Work to be completed: Exact copies of all the lines below are needed, without the pictures.

Material provided:

• • •

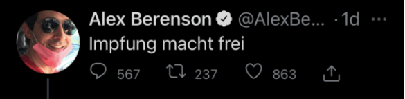 It gets even better. Like a lot of right-wingers, Berenson equates public health efforts to get shots into arms, and talk of things like “vaccine passports”, not just as attacks upon his Hard Earned and God-Given Murrican Freedom – USA!! USA!! – but tantamount, in fact, to sewing gold Stars of David on to the vests of all conscientiously objecting anti-vaxxers, and thus morally equivalent to the methodology of the Holocaust. In a truly horrendous Tweet last week, Berenson, doubtless having used Google Translate to look up the German word for “vaccination”, coined a snappy new catchphrase for his followers:
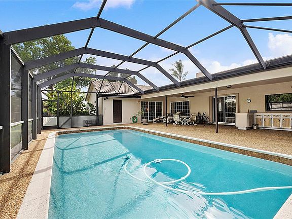 Situated in sought-after area of Maplewood, this well-maintained home welcomes you. Fantastic curb appeal. Lush landscaping provides the perfect aesthetic with pineapple, banana, mango and avocado trees. A totally renovated kitchen/silgranit sink and breakfast area open to the family room with fireplace all overlooking the screened pool. Large Bedrooms. Hurricane protection with impact windows, 2 in the front and 1 on the east side, as well as 1 accordion and panels. The residence also boasts a 2018 AC, a 2020 WH, new electric panels 2019, 2025 garage door opener, knockdown ceilings & no carpet! The pool pump is equipped with variable speeds for low electric bills. Circular drive and automatic sprinklers. This property is situated close to top schools, parks, shopping, and major highways.
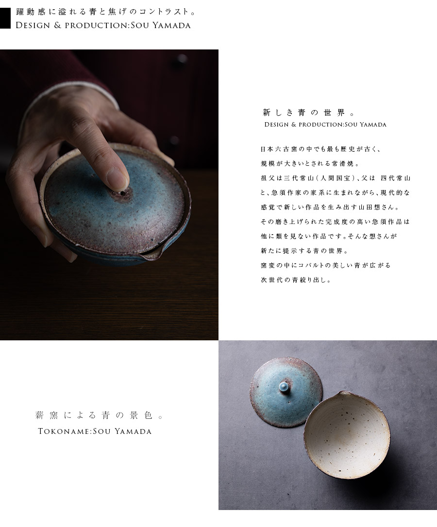 その作風は伝統を感じながらも独自の感性で現代に合う青絞り出し。
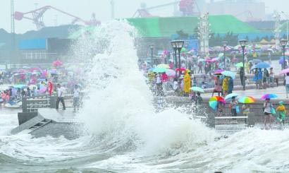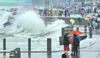 8月9日下午,整个港城笼罩在淅淅沥沥的雨中,又适逢涨潮,在灯塔风景区的海边,汹涌的海水惊涛拍岸,吸引了众多游客观潮。

• • •

Problem solution:
 It gets even better. Like a lot of right-wingers, Berenson equates public health efforts to get shots into arms, and talk of things like “vaccine passports”, not just as attacks upon his Hard Earned and God-Given Murrican Freedom – USA!! USA!! – but tantamount, in fact, to sewing gold Stars of David on to the vests of all conscientiously objecting anti-vaxxers, and thus morally equivalent to the methodology of the Holocaust. In a truly horrendous Tweet last week, Berenson, doubtless having used Google Translate to look up the German word for “vaccination”, coined a snappy new catchphrase for his followers:
 Situated in sought-after area of Maplewood, this well-maintained home welcomes you. Fantastic curb appeal. Lush landscaping provides the perfect aesthetic with pineapple, banana, mango and avocado trees. A totally renovated kitchen/silgranit sink and breakfast area open to the family room with fireplace all overlooking the screened pool. Large Bedrooms. Hurricane protection with impact windows, 2 in the front and 1 on the east side, as well as 1 accordion and panels. The residence also boasts a 2018 AC, a 2020 WH, new electric panels 2019, 2025 garage door opener, knockdown ceilings & no carpet! The pool pump is equipped with variable speeds for low electric bills. Circular drive and automatic sprinklers. This property is situated close to top schools, parks, shopping, and major highways.
 その作風は伝統を感じながらも独自の感性で現代に合う青絞り出し。
 8月9日下午,整个港城笼罩在淅淅沥沥的雨中,又适逢涨潮,在灯塔风景区的海边,汹涌的海水惊涛拍岸,吸引了众多游客观潮。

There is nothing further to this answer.